RSVpreFワクチン、高齢者の急性呼吸器疾患予防に高い有効性を示す

RSVpreFワクチン、高齢者のRSV関連急性呼吸器疾患(ARI)に対し高い有効性

概要

呼吸器合胞体ウイルス(RSV)プレフュージョンFタンパク質(RSVpreF)ワクチンは、救急治療や入院を要するRSV関連急性呼吸器疾患(ARI)に対し、高齢者(重度の酸素吸入を必要とする者や75歳以上を含む)において高い有効性を示しました。

研究方法

本研究は、高齢者を対象としたRSVpreFワクチンのARIに対する有効性を評価する後ろ向き症例対照研究です。

対象患者: カイザー・パーマネンテ南カリフォルニア(KPSC)を受診した60歳以上のARI患者で、救急外来受診または入院を要した者(54.7%が女性)。

症例群(n=695): RSV陽性患者。

対照群:

「厳密な」対照群(n=1034): RSV、インフルエンザ、その他ワクチンで予防可能な病原体には陰性で、非ワクチン予防可能病原体には陽性。

「広範な」対照群(n=8270): RSV陰性の全患者。

評価項目: 救急外来受診および入院に対するワクチン有効性(VE)を、全体および年齢(75歳以上、80歳以上)、疾患重症度、リスク状態(基礎疾患によるハイリスク)のサブグループで推定しました。

主な結果

全体として、RSVpreFワクチン接種率は、症例群で0.3%、厳密な対照群で3.6%、広範な対照群で3.4%でした。

RSV関連ARIによる救急外来受診または入院に対する調整済みVEは、「厳密な」対照群との比較で92%(95% CI, 64%-98%)「広範な」対照群との比較で90%(95% CI, 62%–98%)でした。
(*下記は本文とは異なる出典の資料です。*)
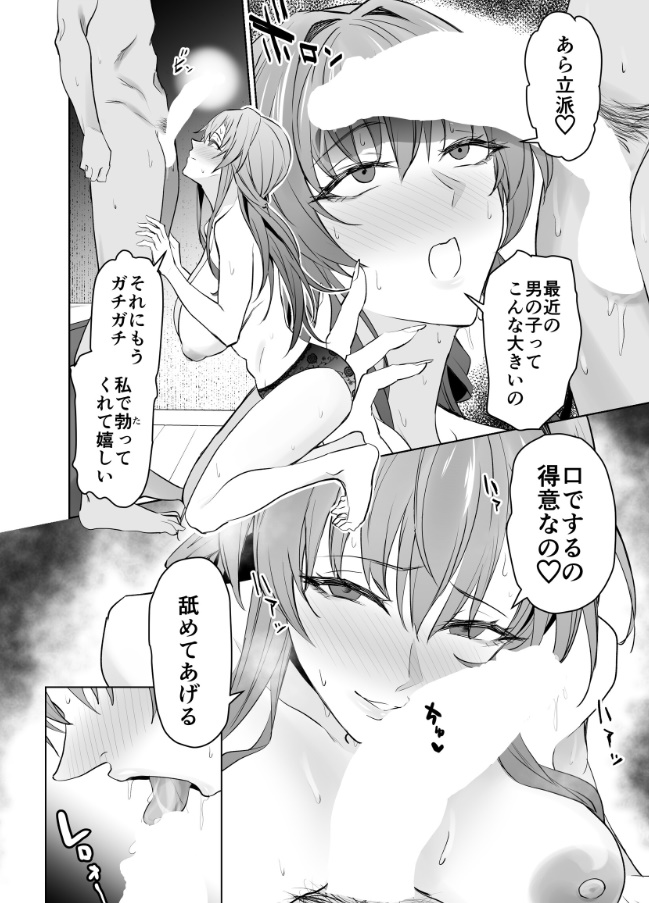 物語序盤の見どころは、エリナが圧倒的な経験値の差で、初心なコウを翻弄し、リードしていく場面です 。美しいバストへの愛撫から始まり 、手慣れた様子でコウの昂りを確かめると、濃厚なフェラチオで徹底的に奉仕します 。この時点でのエリナにはまだ「練習を手伝ってあげている」という大人の余裕が感じられ、彼女の妖艶な魅力が存分に発揮されています。コウはなすすべもなく彼女のテクニックに溺れ、快感のままに口内射精に至ってしまうのです

高齢患者(75歳以上または80歳以上)ではVE 95%、高リスク慢性疾患を持つ者ではVE 92%でした。

臨床的示唆

著者らは、RSV感染による疾患と死亡から保護するための新たな予防策が導入されたことを踏まえ、特に急性期医療現場でのRSV検査の拡大が、ハイリスク集団の特定と治療アルゴリズムの改善に必要であると述べています。

研究の限界

他のリアルワールド研究と比較して、ワクチン接種後の追跡期間が短かったため、VE推定値が高めに出た可能性があります。

本研究ではRSVpreFのみを評価し、RSVpreF3は評価していません。

認可後、日常的な推奨前の最初のシーズンにおけるRSVpreFの接種率が低かったため、特に免疫不全者や虚弱高齢者における追加のサブグループ解析が制限されました。

資金提供および利益相反

本研究はファイザー社からの資金提供を受けました。一部の著者はファイザー社の従業員または株式保有者であり、また一部の著者はカイザー・パーマネンテ南カリフォルニアの従業員です。少数の著者は様々な製薬会社から研究支援や謝礼を受けています。